*** Begin section ***
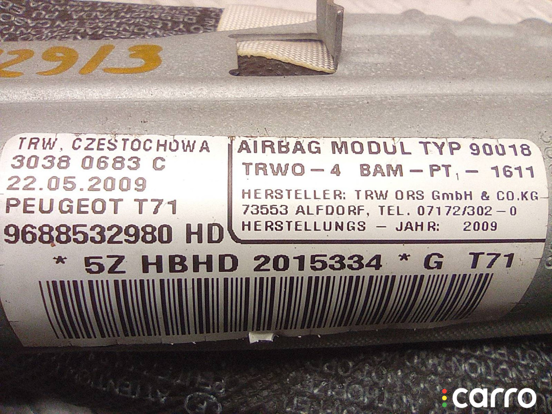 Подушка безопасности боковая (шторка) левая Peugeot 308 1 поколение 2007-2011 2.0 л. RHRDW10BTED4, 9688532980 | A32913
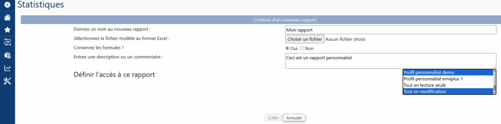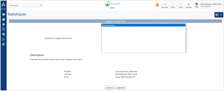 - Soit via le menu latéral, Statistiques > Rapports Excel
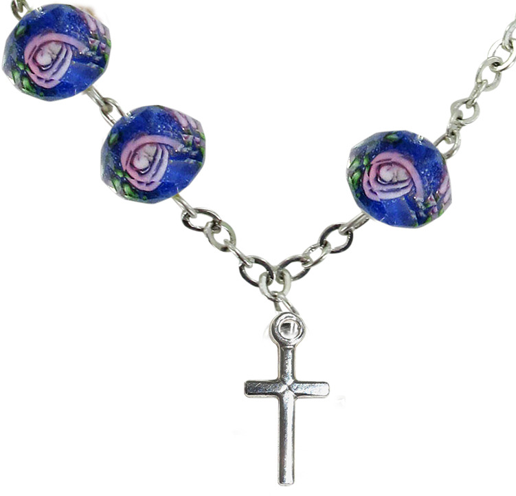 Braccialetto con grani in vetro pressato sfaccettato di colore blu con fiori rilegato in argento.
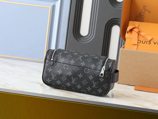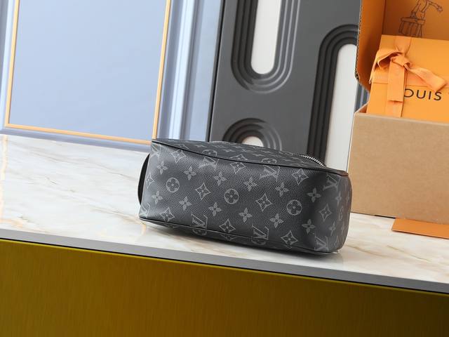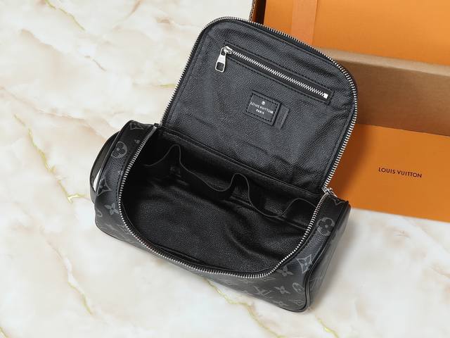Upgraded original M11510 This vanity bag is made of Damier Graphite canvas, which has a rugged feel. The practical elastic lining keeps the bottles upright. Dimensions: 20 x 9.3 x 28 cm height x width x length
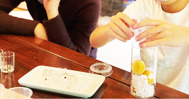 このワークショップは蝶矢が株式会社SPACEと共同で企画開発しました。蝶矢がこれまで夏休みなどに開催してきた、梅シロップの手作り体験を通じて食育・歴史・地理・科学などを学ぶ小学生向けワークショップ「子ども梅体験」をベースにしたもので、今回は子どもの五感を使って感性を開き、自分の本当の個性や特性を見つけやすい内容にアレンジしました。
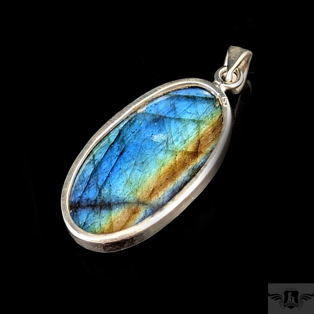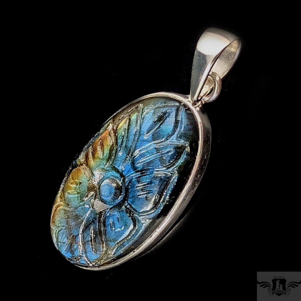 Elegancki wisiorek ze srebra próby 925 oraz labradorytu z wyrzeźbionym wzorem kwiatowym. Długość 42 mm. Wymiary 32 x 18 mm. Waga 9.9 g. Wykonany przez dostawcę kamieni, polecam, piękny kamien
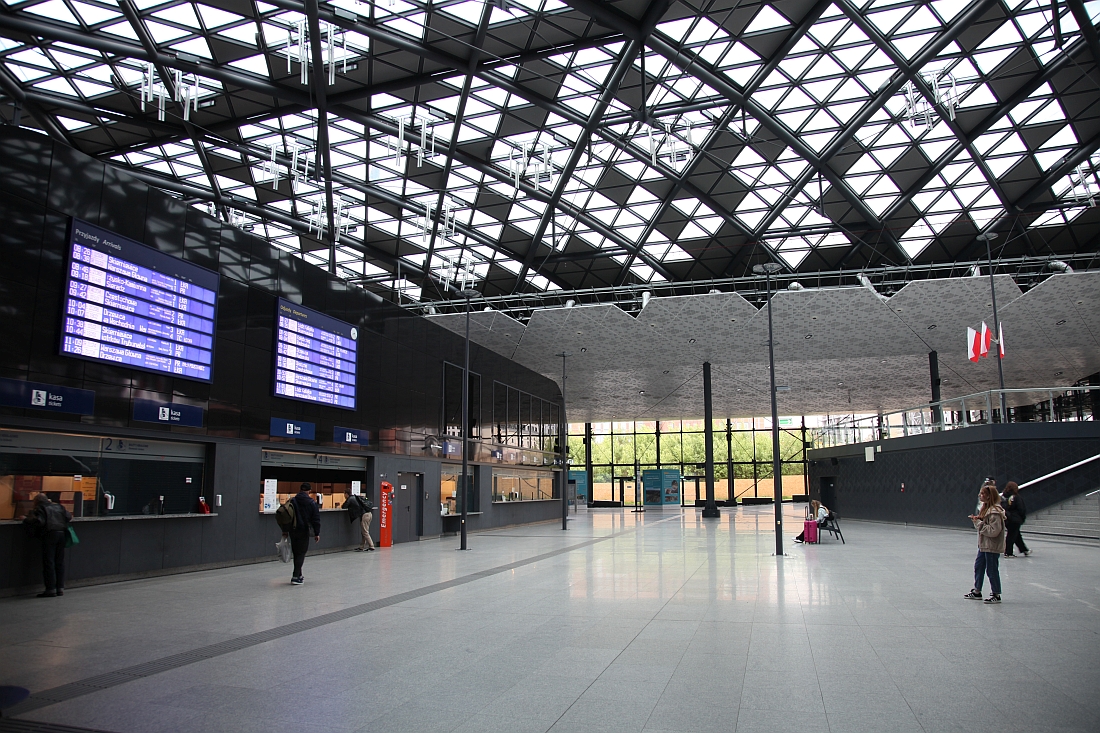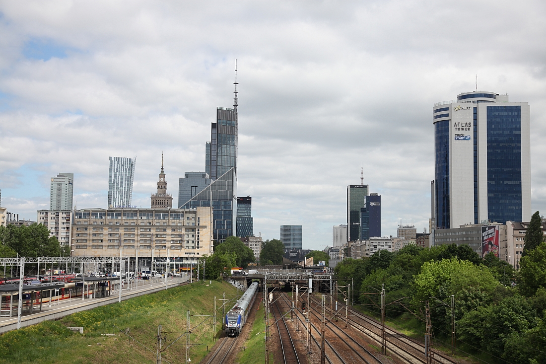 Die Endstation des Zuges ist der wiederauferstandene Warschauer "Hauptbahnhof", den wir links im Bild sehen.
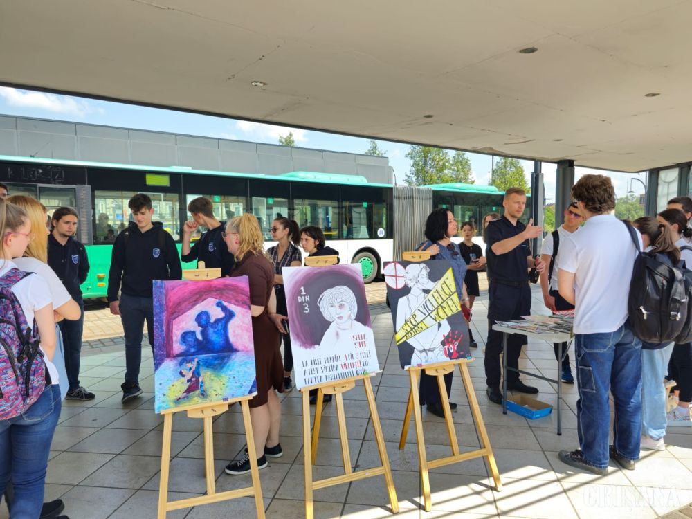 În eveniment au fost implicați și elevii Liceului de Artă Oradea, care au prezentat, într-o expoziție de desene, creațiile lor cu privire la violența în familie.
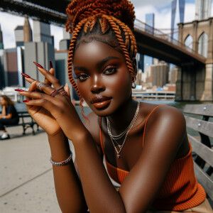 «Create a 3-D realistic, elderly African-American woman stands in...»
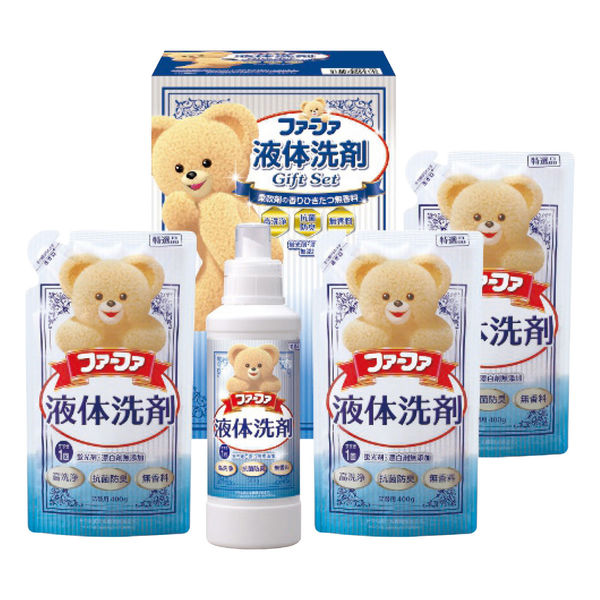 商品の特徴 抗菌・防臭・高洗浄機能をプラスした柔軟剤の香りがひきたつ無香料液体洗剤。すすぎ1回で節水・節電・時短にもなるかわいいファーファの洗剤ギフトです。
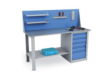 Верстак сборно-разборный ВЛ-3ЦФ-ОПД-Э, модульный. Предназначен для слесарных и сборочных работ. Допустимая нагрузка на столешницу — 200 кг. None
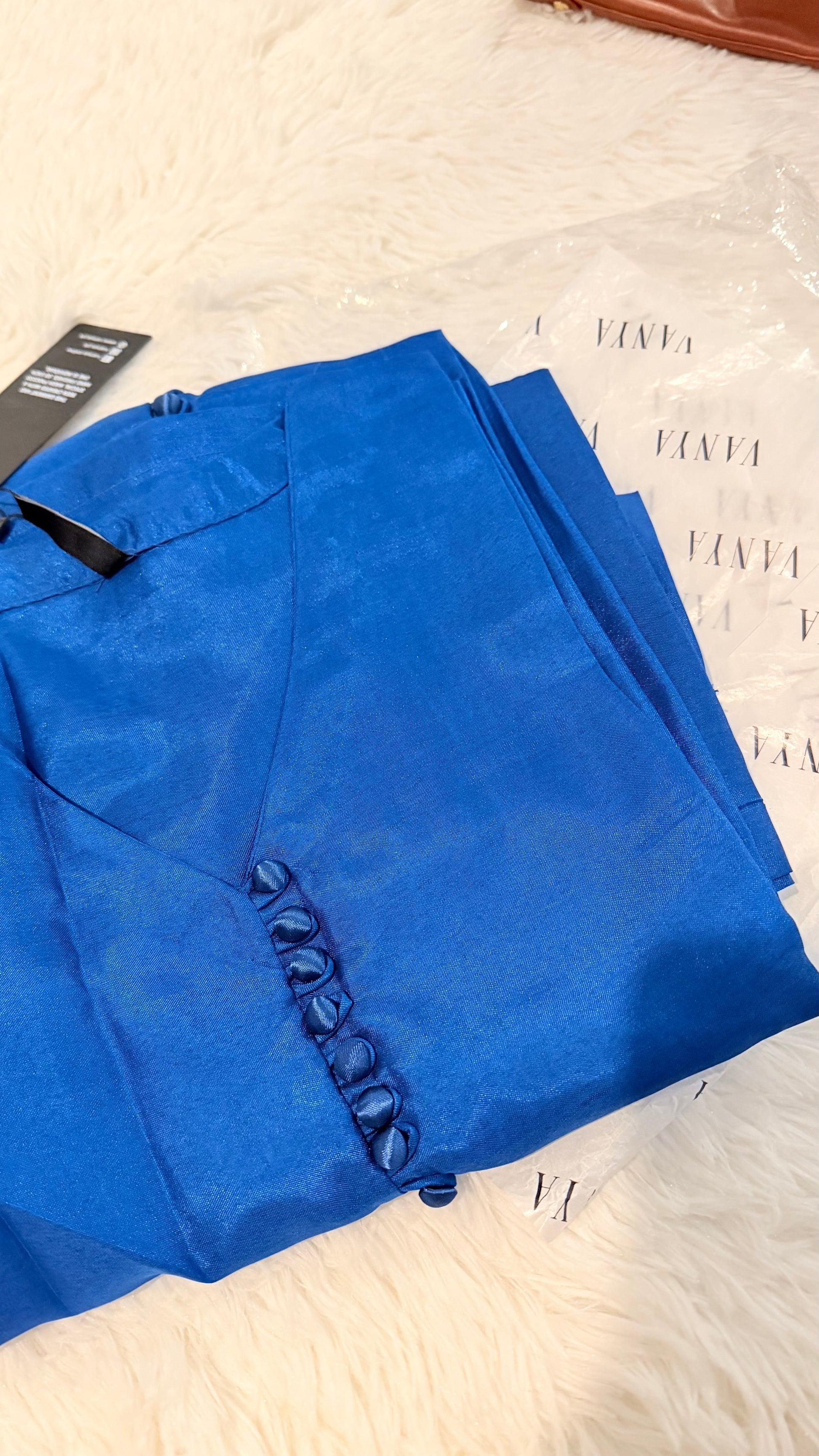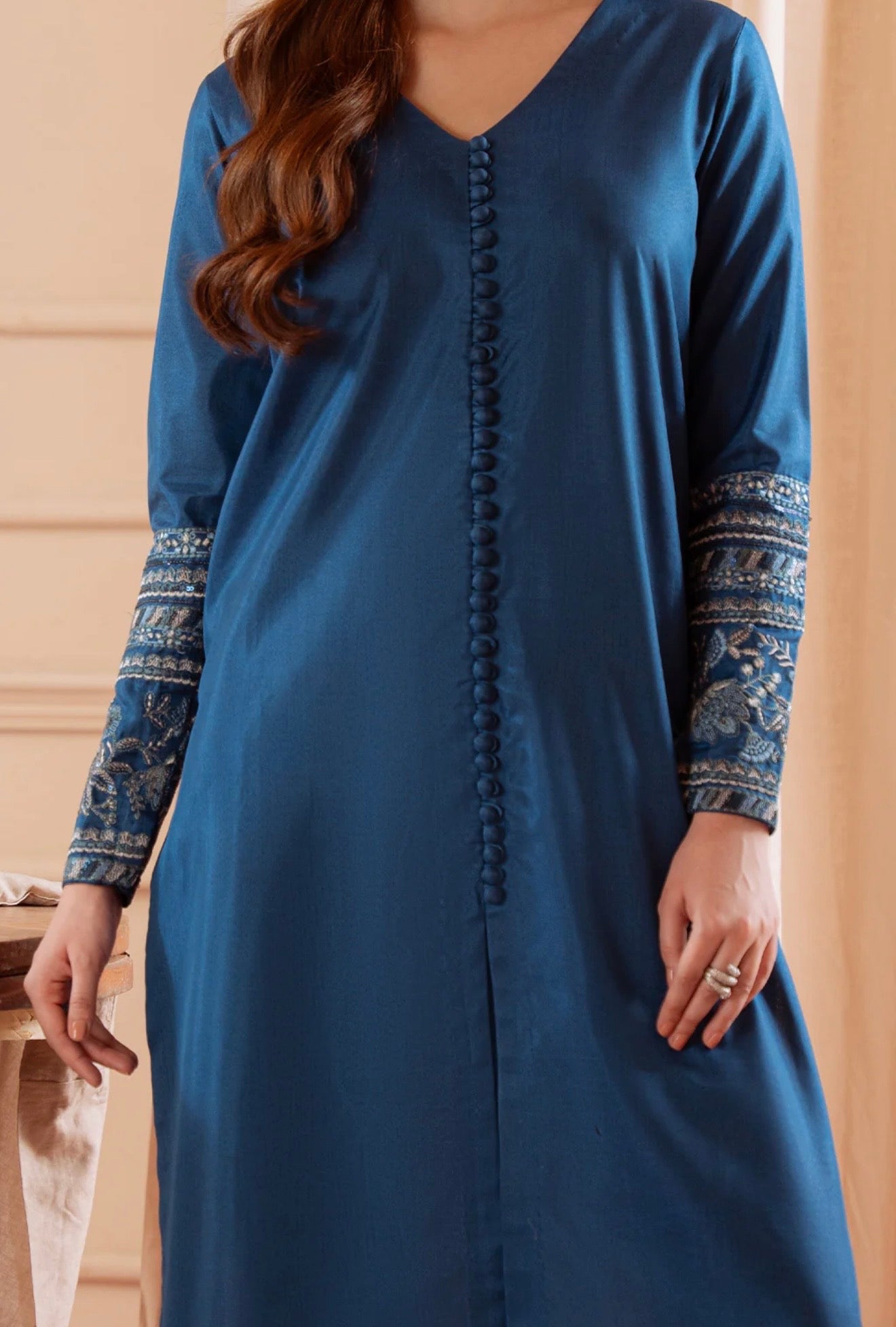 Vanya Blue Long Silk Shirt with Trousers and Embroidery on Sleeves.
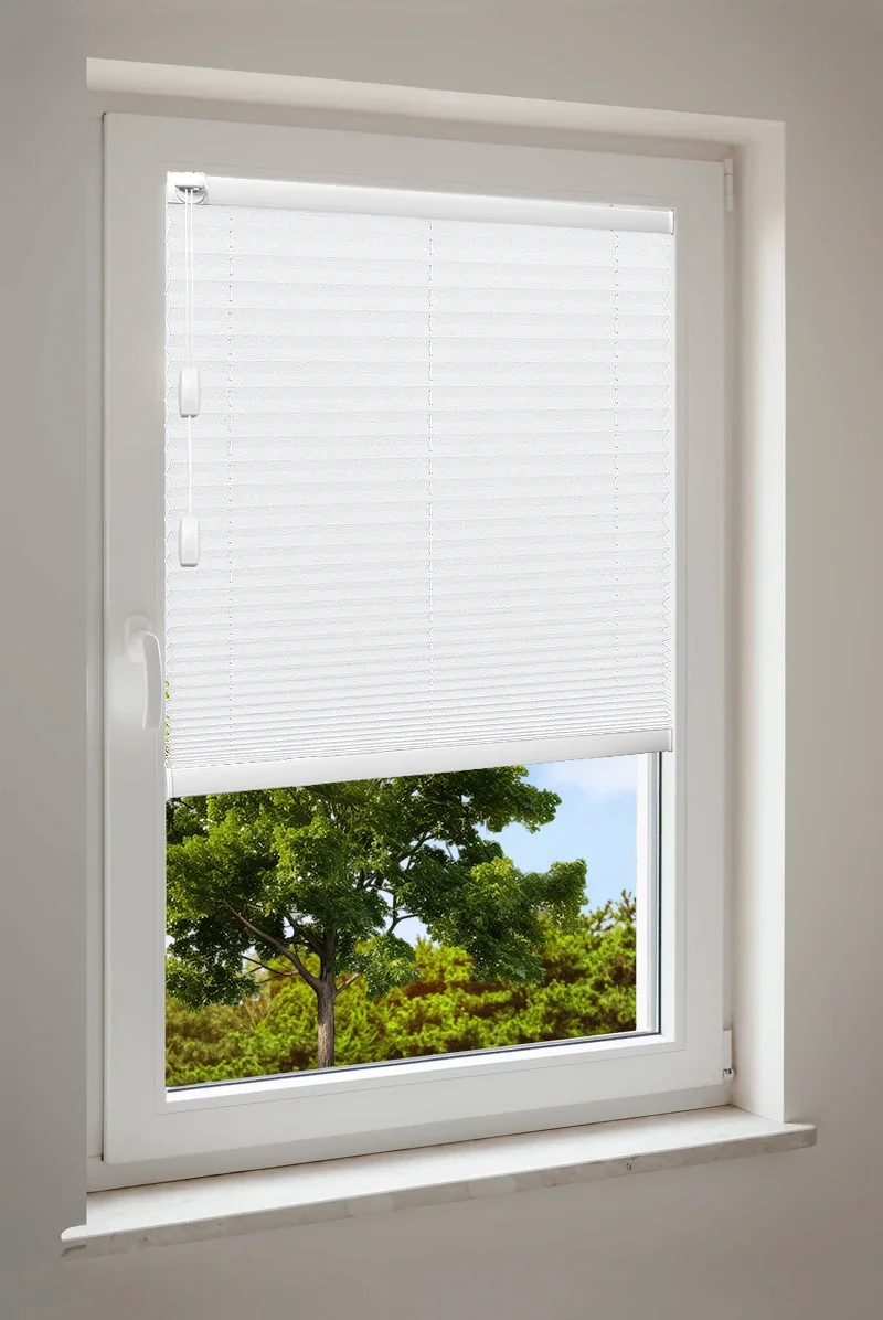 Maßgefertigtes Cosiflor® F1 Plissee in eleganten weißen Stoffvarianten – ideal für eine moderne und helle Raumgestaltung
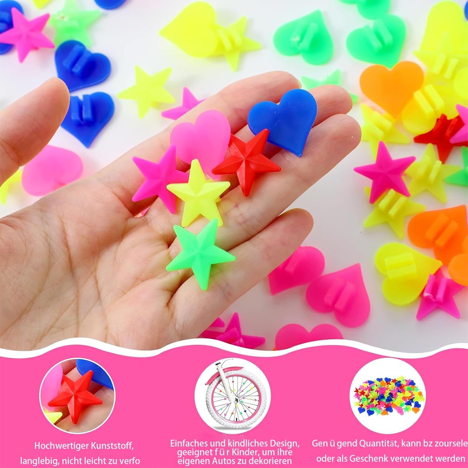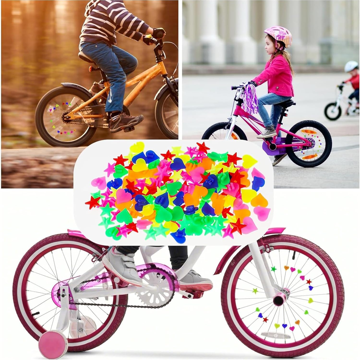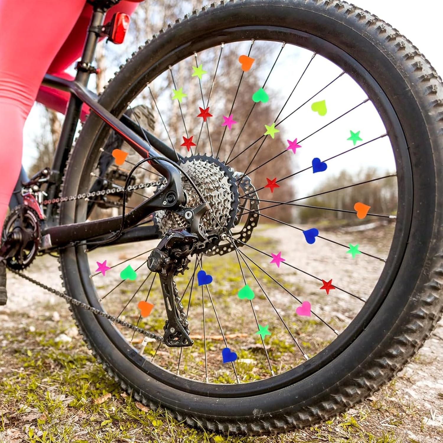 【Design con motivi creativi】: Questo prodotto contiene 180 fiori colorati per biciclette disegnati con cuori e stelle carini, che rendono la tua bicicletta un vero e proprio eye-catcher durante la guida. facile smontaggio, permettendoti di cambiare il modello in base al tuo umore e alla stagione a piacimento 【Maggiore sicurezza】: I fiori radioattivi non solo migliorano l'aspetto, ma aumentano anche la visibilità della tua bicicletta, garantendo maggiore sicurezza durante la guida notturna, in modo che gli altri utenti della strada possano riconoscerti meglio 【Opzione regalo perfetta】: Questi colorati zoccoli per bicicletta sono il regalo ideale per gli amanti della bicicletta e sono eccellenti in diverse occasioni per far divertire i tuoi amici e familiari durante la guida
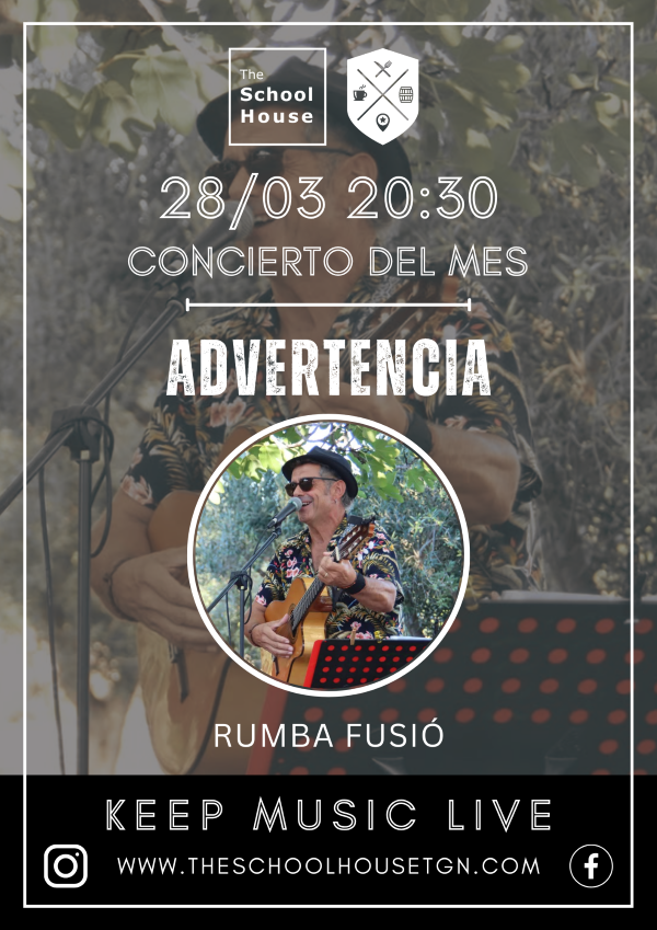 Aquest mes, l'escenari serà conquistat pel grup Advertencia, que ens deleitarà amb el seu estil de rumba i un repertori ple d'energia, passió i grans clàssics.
*** End section ***
Each record above should come back exactly the same, only without its pictures.

 Подушка безопасности боковая (шторка) левая Peugeot 308 1 поколение 2007-2011 2.0 л. RHRDW10BTED4, 9688532980 | A32913
 - Soit via le menu latéral, Statistiques > Rapports Excel
 Braccialetto con grani in vetro pressato sfaccettato di colore blu con fiori rilegato in argento.
Upgraded original M11510 This vanity bag is made of Damier Graphite canvas, which has a rugged feel. The practical elastic lining keeps the bottles upright. Dimensions: 20 x 9.3 x 28 cm height x width x length
 このワークショップは蝶矢が株式会社SPACEと共同で企画開発しました。蝶矢がこれまで夏休みなどに開催してきた、梅シロップの手作り体験を通じて食育・歴史・地理・科学などを学ぶ小学生向けワークショップ「子ども梅体験」をベースにしたもので、今回は子どもの五感を使って感性を開き、自分の本当の個性や特性を見つけやすい内容にアレンジしました。
 Elegancki wisiorek ze srebra próby 925 oraz labradorytu z wyrzeźbionym wzorem kwiatowym. Długość 42 mm. Wymiary 32 x 18 mm. Waga 9.9 g. Wykonany przez dostawcę kamieni, polecam, piękny kamien
 Die Endstation des Zuges ist der wiederauferstandene Warschauer "Hauptbahnhof", den wir links im Bild sehen.
 În eveniment au fost implicați și elevii Liceului de Artă Oradea, care au prezentat, într-o expoziție de desene, creațiile lor cu privire la violența în familie.
 «Create a 3-D realistic, elderly African-American woman stands in...»
 商品の特徴 抗菌・防臭・高洗浄機能をプラスした柔軟剤の香りがひきたつ無香料液体洗剤。すすぎ1回で節水・節電・時短にもなるかわいいファーファの洗剤ギフトです。
 Верстак сборно-разборный ВЛ-3ЦФ-ОПД-Э, модульный. Предназначен для слесарных и сборочных работ. Допустимая нагрузка на столешницу — 200 кг. None
 Vanya Blue Long Silk Shirt with Trousers and Embroidery on Sleeves.
 Maßgefertigtes Cosiflor® F1 Plissee in eleganten weißen Stoffvarianten – ideal für eine moderne und helle Raumgestaltung
 【Design con motivi creativi】: Questo prodotto contiene 180 fiori colorati per biciclette disegnati con cuori e stelle carini, che rendono la tua bicicletta un vero e proprio eye-catcher durante la guida. facile smontaggio, permettendoti di cambiare il modello in base al tuo umore e alla stagione a piacimento 【Maggiore sicurezza】: I fiori radioattivi non solo migliorano l'aspetto, ma aumentano anche la visibilità della tua bicicletta, garantendo maggiore sicurezza durante la guida notturna, in modo che gli altri utenti della strada possano riconoscerti meglio 【Opzione regalo perfetta】: Questi colorati zoccoli per bicicletta sono il regalo ideale per gli amanti della bicicletta e sono eccellenti in diverse occasioni per far divertire i tuoi amici e familiari durante la guida
 Aquest mes, l'escenari serà conquistat pel grup Advertencia, que ens deleitarà amb el seu estil de rumba i un repertori ple d'energia, passió i grans clàssics.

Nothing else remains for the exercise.